One of the important aspects of a CNN is that once it's trained, it learns a set of feature maps or filters, which act as feature extractors on natural scene images. As such, it would be great to visualize these filters and get an understanding of what the network has learned through its training. Fortunately, this is a growing area of interest with lots of tools and techniques that make it easier to visualize the trained filters by the CNN. There are two primary parts of the network that are interesting to visualize:

  • Layer activation: This is the most common form of network visualization where one visualizes the activation of neurons during the forward pass of the network. This visualization is important for multiple reasons:
    • It allows you to see how each learned filter responds to each input image. You can use this information to get a qualitative understanding of what the filter has learned to respond to.
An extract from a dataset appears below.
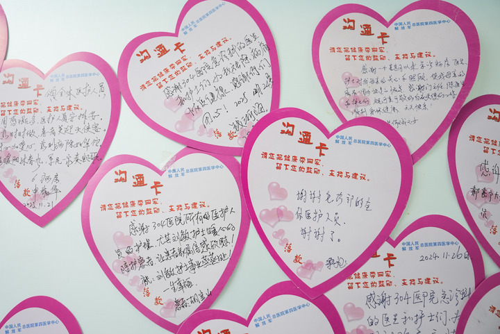 2月17日拍摄的解放军总医院第四医学中心急诊医学科病房内的患者沟通建议卡。新华社发(韩启扬 摄)

    • You can easily debug the network by seeing if most of the filters are learning any useful feature, or are simply blank images suggesting issues during network training. The following Visualizing activations of layers figure shows this step in more detail:
Visualizing activations of layers Source - photo 4
Visualizing activations of layers (Source: https://raw.githubusercontent.com/cs231n/cs231n.github.io/master/assets/cnnvis/act1.jpeg, https://raw.githubusercontent.com/cs231n/cs231n.github.io/master/assets/cnnvis/act2.jpeg)
  • Filter visualization: Another common use case for visualization is to visualize the actual filter values themselves. Remember that CNN filters can also be understood as feature detectors, which when visualized can demonstrate what kind of image feature each filter can extract. For example, the preceding Visualizing activations of layers figure illustrates that CNN filters can be trained to detect and extract edges in different orientations as well as different color combinations. Noisy filter values can also be easily detected during this technique to provide a feedback on poor training quality for the network:
Visualizing trained filters Source - photo 5
Visualizing trained filters (Source: https://raw.githubusercontent.com/cs231n/cs231n.github.io/master/assets/cnnvis/filt1.jpeg, https://raw.githubusercontent.com/cs231n/cs231n.github.io/master/assets/cnnvis/filt2.jpeg)
Choosing the right activation function

In most cases, we should always consider ReLU first. But keep in mind that ReLU should only be applied to hidden layers. If your model suffers from dead neurons, then think about adjusting your learning rate, or try Leaky ReLU or maxout.